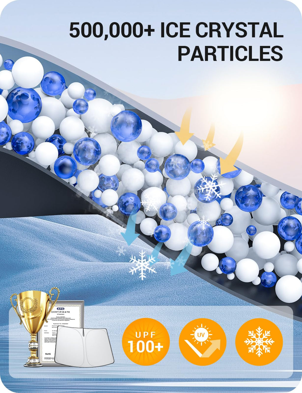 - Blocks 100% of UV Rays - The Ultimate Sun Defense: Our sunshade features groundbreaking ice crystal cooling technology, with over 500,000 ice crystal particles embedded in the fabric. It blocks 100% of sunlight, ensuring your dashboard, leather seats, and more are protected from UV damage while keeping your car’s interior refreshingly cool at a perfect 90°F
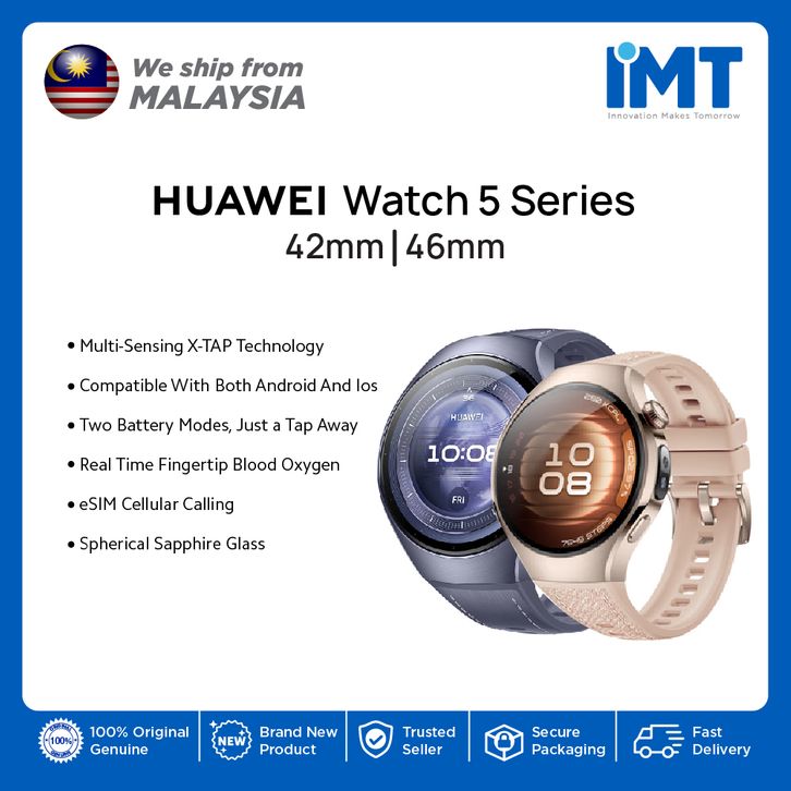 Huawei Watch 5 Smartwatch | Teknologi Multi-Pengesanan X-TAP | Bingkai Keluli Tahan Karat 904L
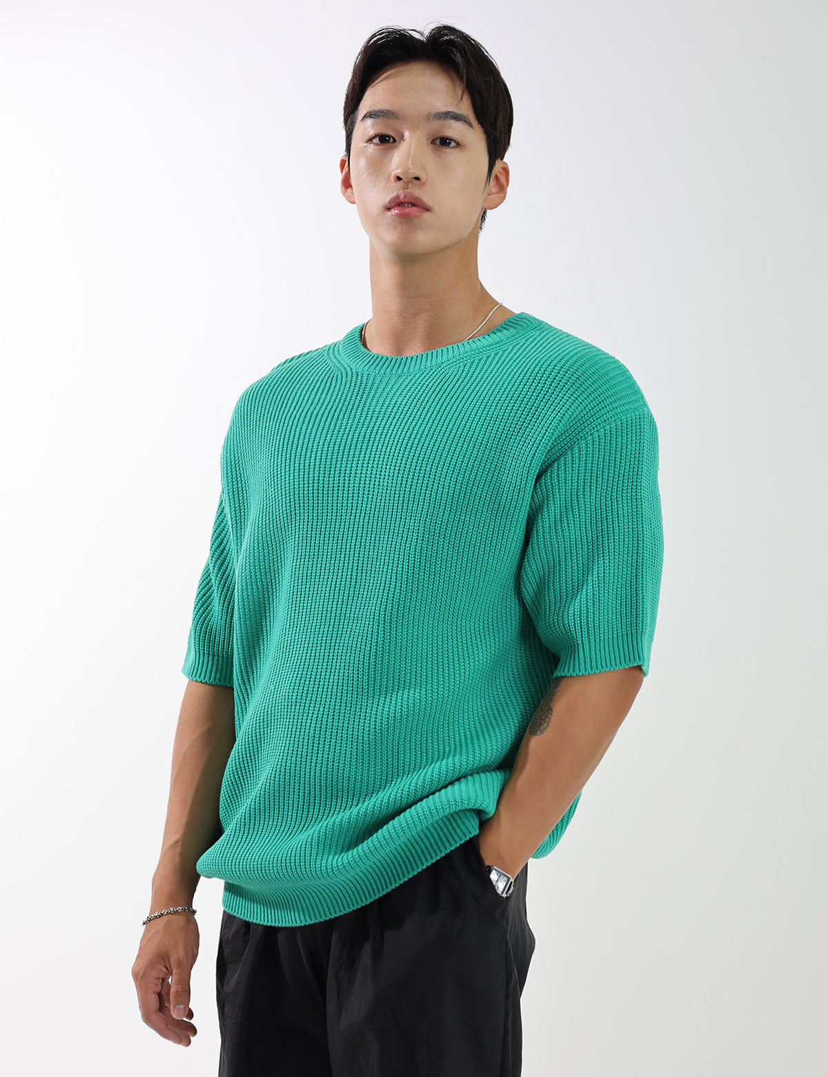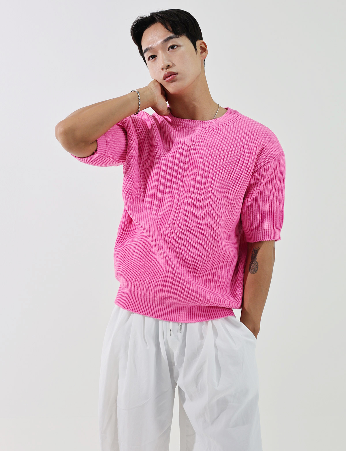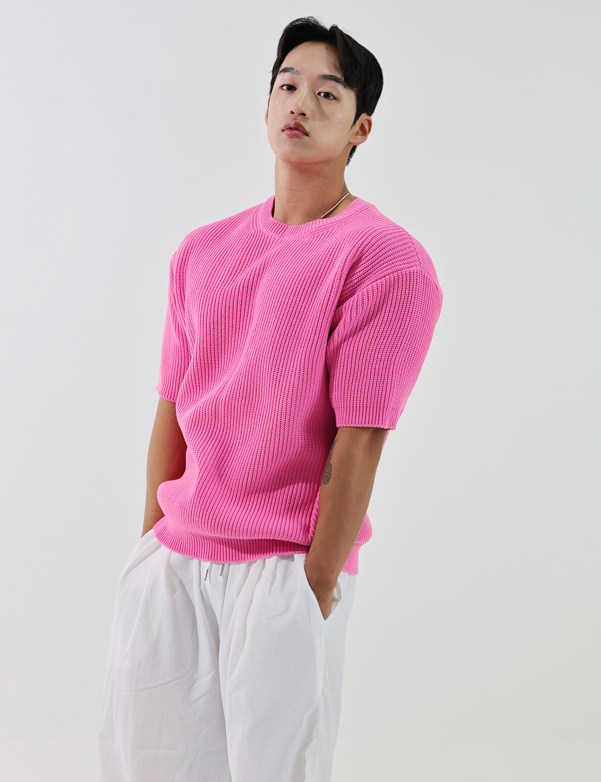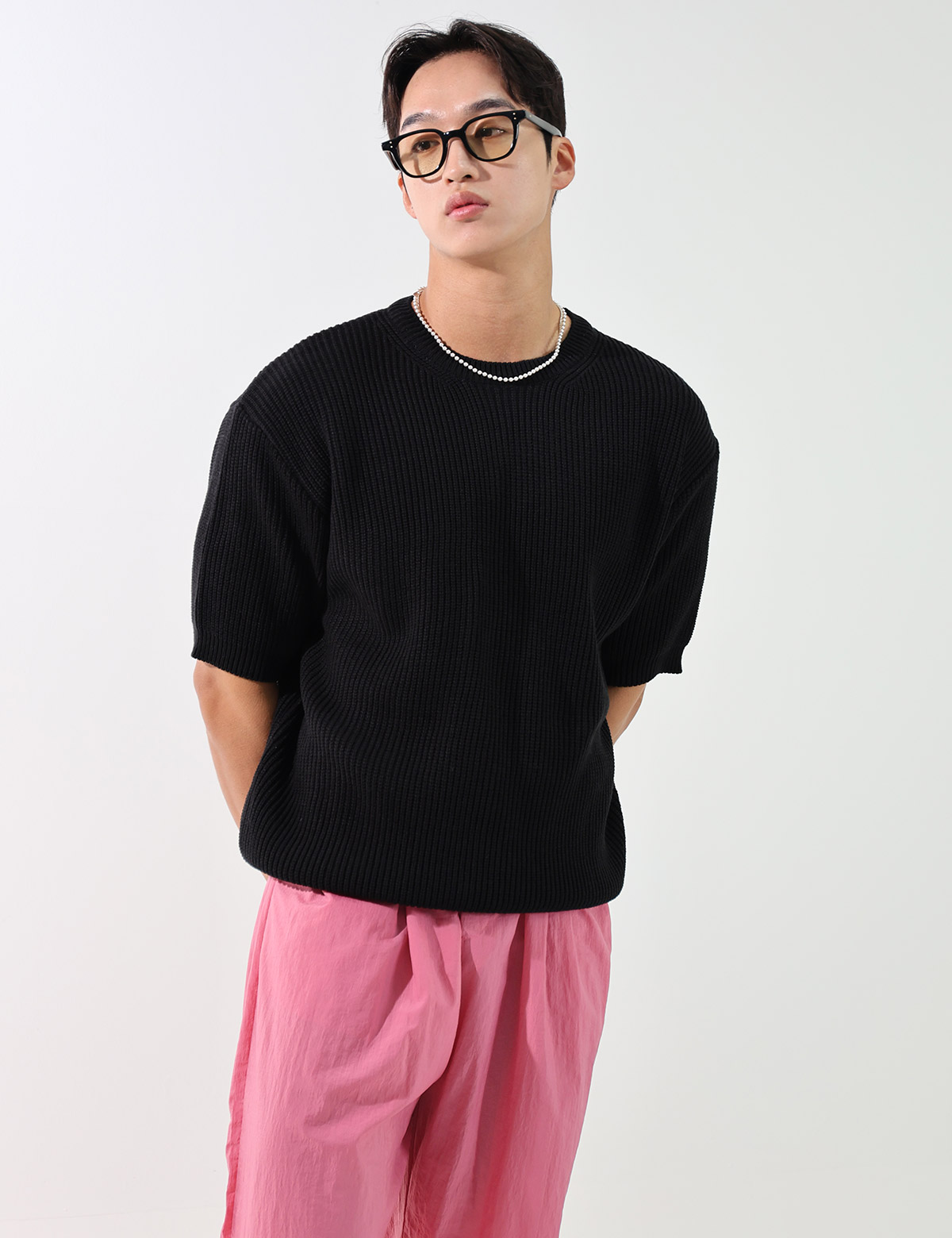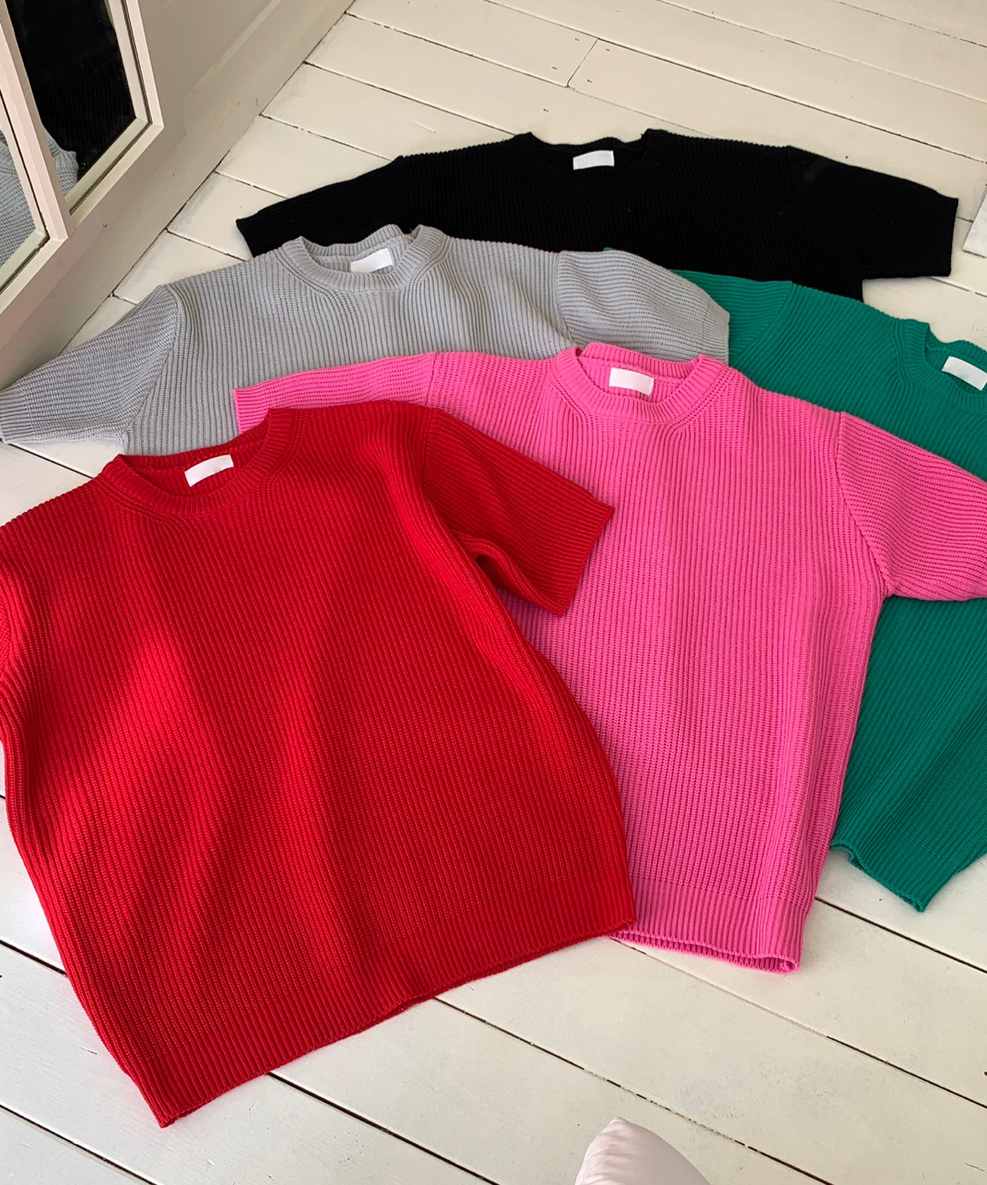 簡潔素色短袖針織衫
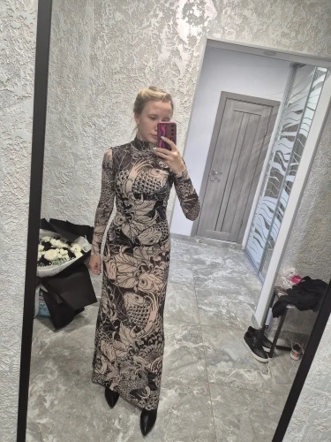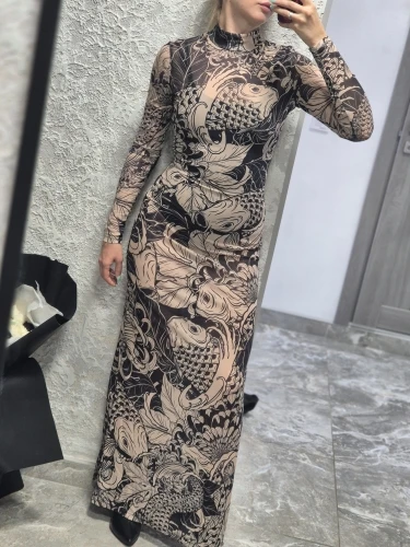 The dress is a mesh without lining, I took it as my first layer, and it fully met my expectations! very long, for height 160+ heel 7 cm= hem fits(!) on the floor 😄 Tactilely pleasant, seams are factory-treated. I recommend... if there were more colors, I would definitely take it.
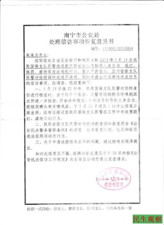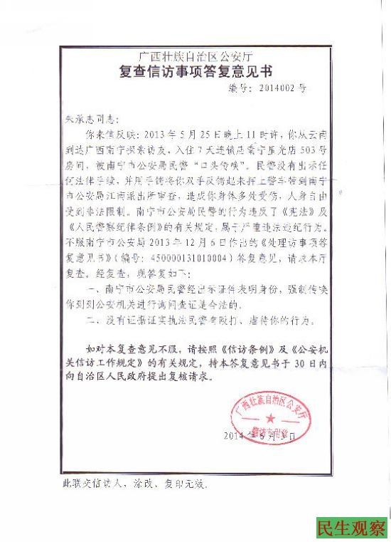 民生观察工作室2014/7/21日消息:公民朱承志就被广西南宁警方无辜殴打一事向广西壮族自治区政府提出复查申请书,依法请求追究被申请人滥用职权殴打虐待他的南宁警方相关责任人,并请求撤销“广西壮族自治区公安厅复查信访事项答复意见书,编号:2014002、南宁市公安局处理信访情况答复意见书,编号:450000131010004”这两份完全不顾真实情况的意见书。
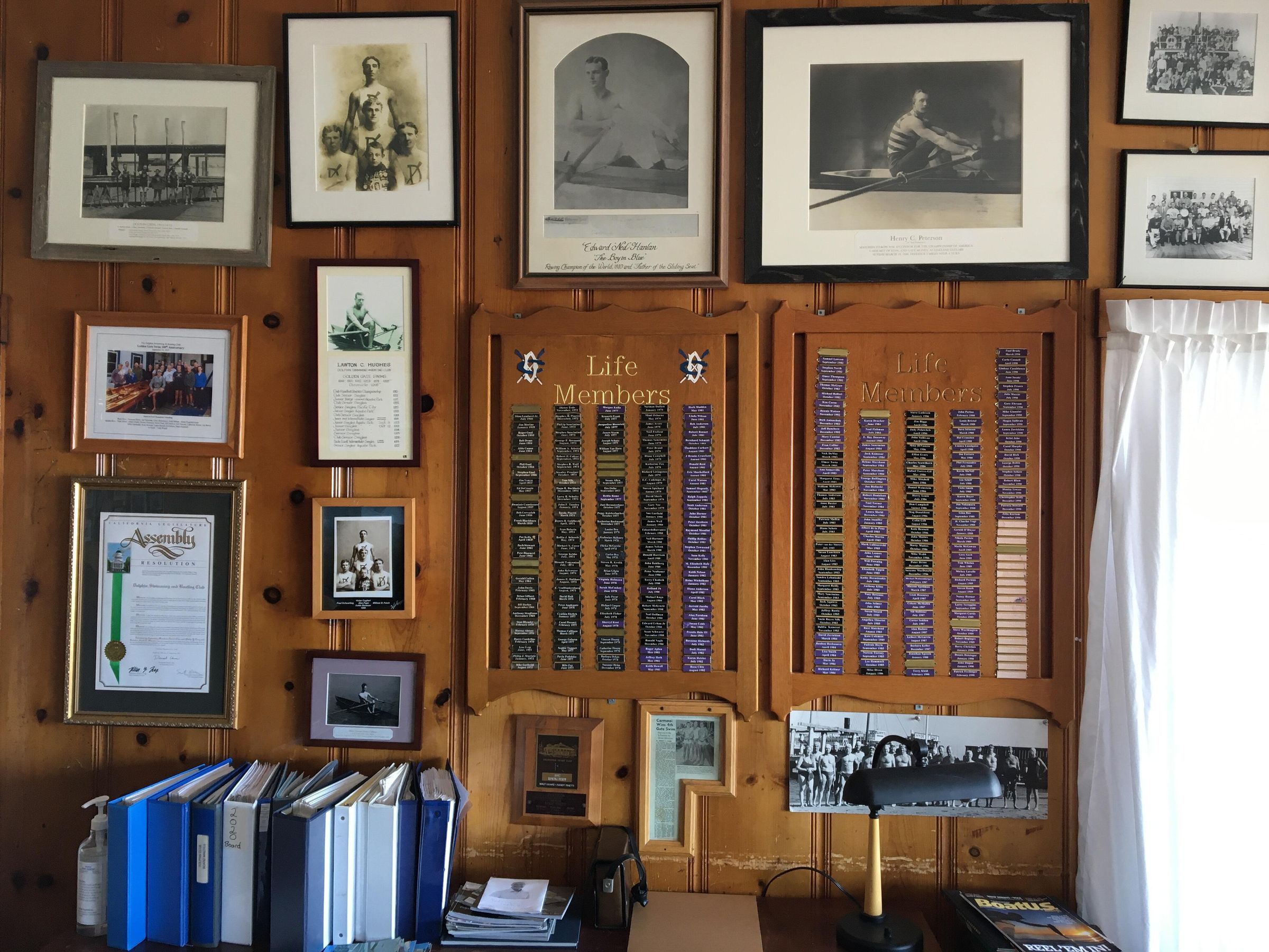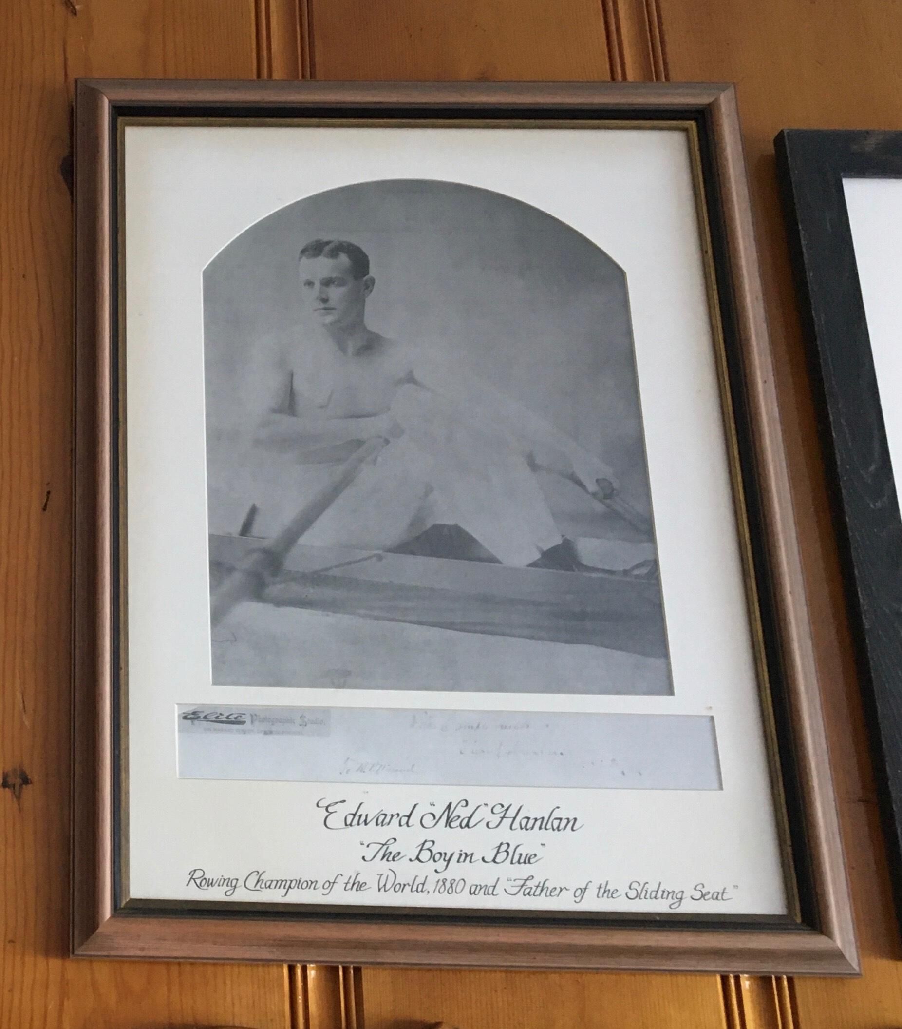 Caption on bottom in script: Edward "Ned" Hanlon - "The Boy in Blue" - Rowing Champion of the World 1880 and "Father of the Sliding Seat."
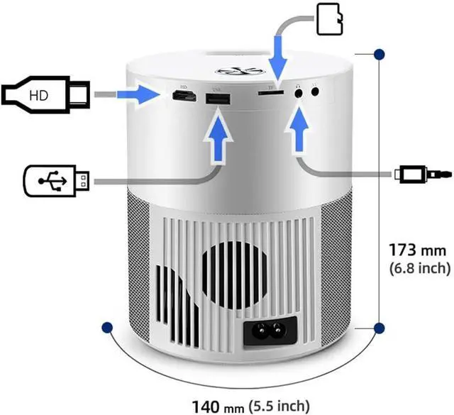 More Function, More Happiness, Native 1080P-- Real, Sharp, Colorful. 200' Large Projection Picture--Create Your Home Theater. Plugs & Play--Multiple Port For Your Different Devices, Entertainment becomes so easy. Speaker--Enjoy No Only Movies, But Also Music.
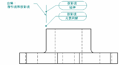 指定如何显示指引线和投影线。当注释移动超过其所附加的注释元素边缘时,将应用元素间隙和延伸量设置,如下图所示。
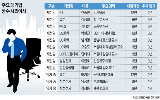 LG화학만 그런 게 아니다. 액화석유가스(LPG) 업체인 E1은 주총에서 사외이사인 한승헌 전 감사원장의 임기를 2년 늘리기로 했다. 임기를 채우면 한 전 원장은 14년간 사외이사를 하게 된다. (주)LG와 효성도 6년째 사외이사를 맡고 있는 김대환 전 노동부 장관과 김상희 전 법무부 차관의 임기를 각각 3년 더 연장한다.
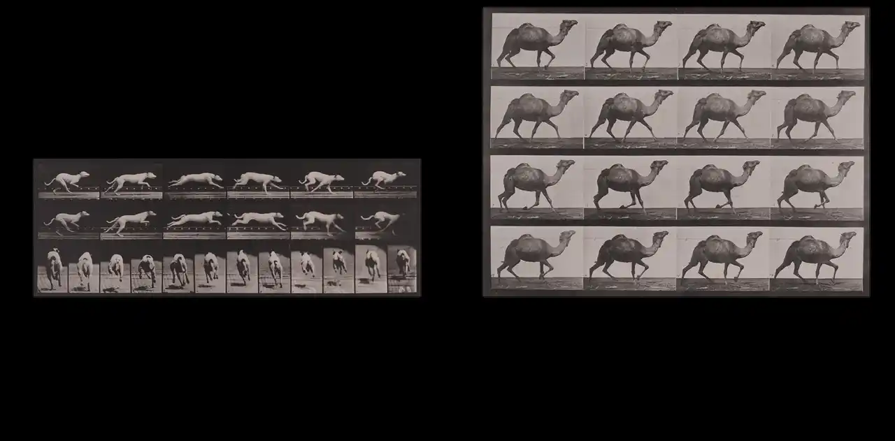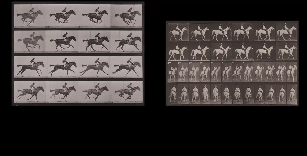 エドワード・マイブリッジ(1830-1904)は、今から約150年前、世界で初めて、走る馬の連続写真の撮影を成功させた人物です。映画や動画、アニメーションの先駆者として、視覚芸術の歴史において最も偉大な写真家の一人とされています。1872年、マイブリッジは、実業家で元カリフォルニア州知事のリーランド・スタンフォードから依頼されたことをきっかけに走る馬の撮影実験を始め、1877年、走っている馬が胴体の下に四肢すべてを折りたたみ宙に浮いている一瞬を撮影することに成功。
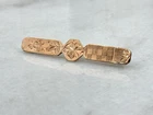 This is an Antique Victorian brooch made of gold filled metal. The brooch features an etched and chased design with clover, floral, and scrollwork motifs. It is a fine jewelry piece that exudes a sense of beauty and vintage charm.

—————

Task to carry out -> Restate the whole listing exactly as written, minus the pictures.

Response box ->
 - Blocks 100% of UV Rays - The Ultimate Sun Defense: Our sunshade features groundbreaking ice crystal cooling technology, with over 500,000 ice crystal particles embedded in the fabric. It blocks 100% of sunlight, ensuring your dashboard, leather seats, and more are protected from UV damage while keeping your car’s interior refreshingly cool at a perfect 90°F
 Huawei Watch 5 Smartwatch | Teknologi Multi-Pengesanan X-TAP | Bingkai Keluli Tahan Karat 904L
 簡潔素色短袖針織衫
 The dress is a mesh without lining, I took it as my first layer, and it fully met my expectations! very long, for height 160+ heel 7 cm= hem fits(!) on the floor 😄 Tactilely pleasant, seams are factory-treated. I recommend... if there were more colors, I would definitely take it.
 民生观察工作室2014/7/21日消息:公民朱承志就被广西南宁警方无辜殴打一事向广西壮族自治区政府提出复查申请书,依法请求追究被申请人滥用职权殴打虐待他的南宁警方相关责任人,并请求撤销“广西壮族自治区公安厅复查信访事项答复意见书,编号:2014002、南宁市公安局处理信访情况答复意见书,编号:450000131010004”这两份完全不顾真实情况的意见书。
 Caption on bottom in script: Edward "Ned" Hanlon - "The Boy in Blue" - Rowing Champion of the World 1880 and "Father of the Sliding Seat."
 More Function, More Happiness, Native 1080P-- Real, Sharp, Colorful. 200' Large Projection Picture--Create Your Home Theater. Plugs & Play--Multiple Port For Your Different Devices, Entertainment becomes so easy. Speaker--Enjoy No Only Movies, But Also Music.
 指定如何显示指引线和投影线。当注释移动超过其所附加的注释元素边缘时,将应用元素间隙和延伸量设置,如下图所示。
 LG화학만 그런 게 아니다. 액화석유가스(LPG) 업체인 E1은 주총에서 사외이사인 한승헌 전 감사원장의 임기를 2년 늘리기로 했다. 임기를 채우면 한 전 원장은 14년간 사외이사를 하게 된다. (주)LG와 효성도 6년째 사외이사를 맡고 있는 김대환 전 노동부 장관과 김상희 전 법무부 차관의 임기를 각각 3년 더 연장한다.
 エドワード・マイブリッジ(1830-1904)は、今から約150年前、世界で初めて、走る馬の連続写真の撮影を成功させた人物です。映画や動画、アニメーションの先駆者として、視覚芸術の歴史において最も偉大な写真家の一人とされています。1872年、マイブリッジは、実業家で元カリフォルニア州知事のリーランド・スタンフォードから依頼されたことをきっかけに走る馬の撮影実験を始め、1877年、走っている馬が胴体の下に四肢すべてを折りたたみ宙に浮いている一瞬を撮影することに成功。
 This is an Antique Victorian brooch made of gold filled metal. The brooch features an etched and chased design with clover, floral, and scrollwork motifs. It is a fine jewelry piece that exudes a sense of beauty and vintage charm.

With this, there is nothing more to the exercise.